-------- Collected material --------

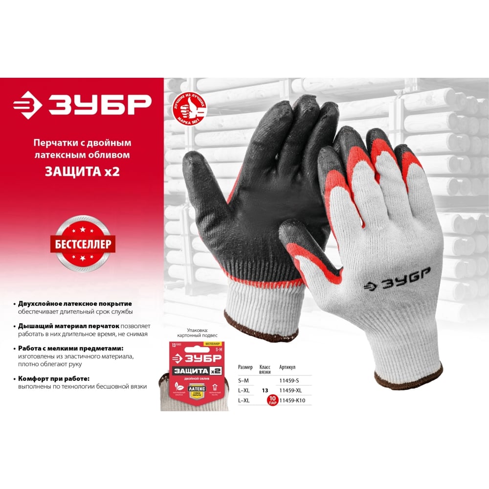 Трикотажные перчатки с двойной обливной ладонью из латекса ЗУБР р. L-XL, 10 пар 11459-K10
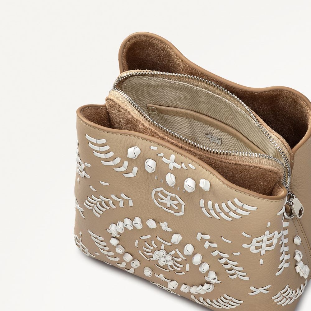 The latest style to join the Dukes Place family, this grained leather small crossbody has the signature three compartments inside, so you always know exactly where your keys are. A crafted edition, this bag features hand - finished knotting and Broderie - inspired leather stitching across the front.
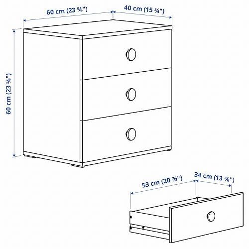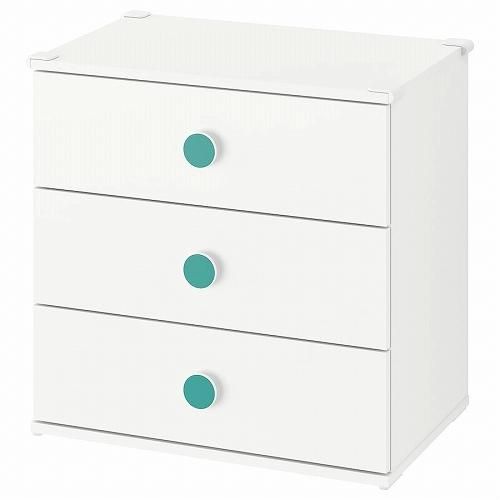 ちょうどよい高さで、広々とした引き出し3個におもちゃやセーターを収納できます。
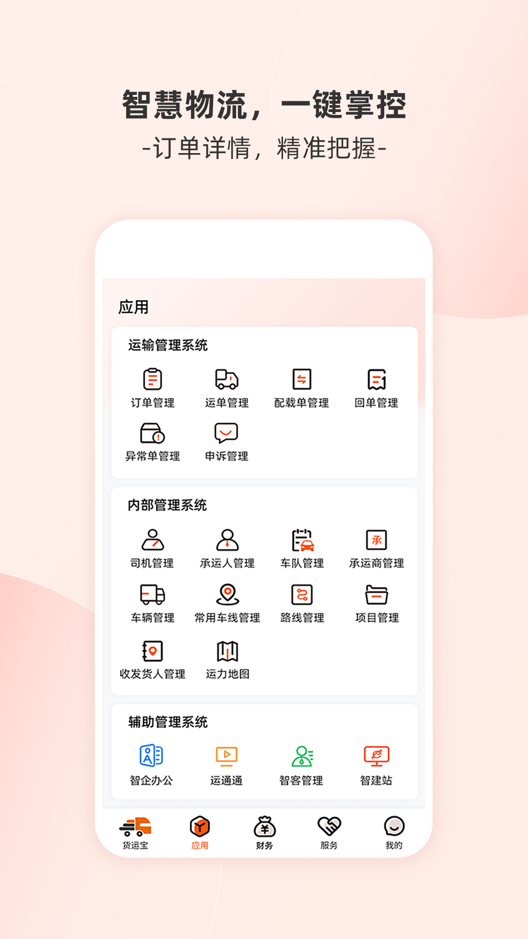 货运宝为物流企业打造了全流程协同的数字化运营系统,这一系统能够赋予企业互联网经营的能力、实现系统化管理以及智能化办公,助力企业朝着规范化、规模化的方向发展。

--------

» Goal of the exercise:
Leave the pictures out and copy exactly the lines from the one that holds "The latest style" through the last line of the material.

» Answer section:
 The latest style to join the Dukes Place family, this grained leather small crossbody has the signature three compartments inside, so you always know exactly where your keys are. A crafted edition, this bag features hand - finished knotting and Broderie - inspired leather stitching across the front.
 ちょうどよい高さで、広々とした引き出し3個におもちゃやセーターを収納できます。
 货运宝为物流企业打造了全流程协同的数字化运营系统,这一系统能够赋予企业互联网经营的能力、实现系统化管理以及智能化办公,助力企业朝着规范化、规模化的方向发展。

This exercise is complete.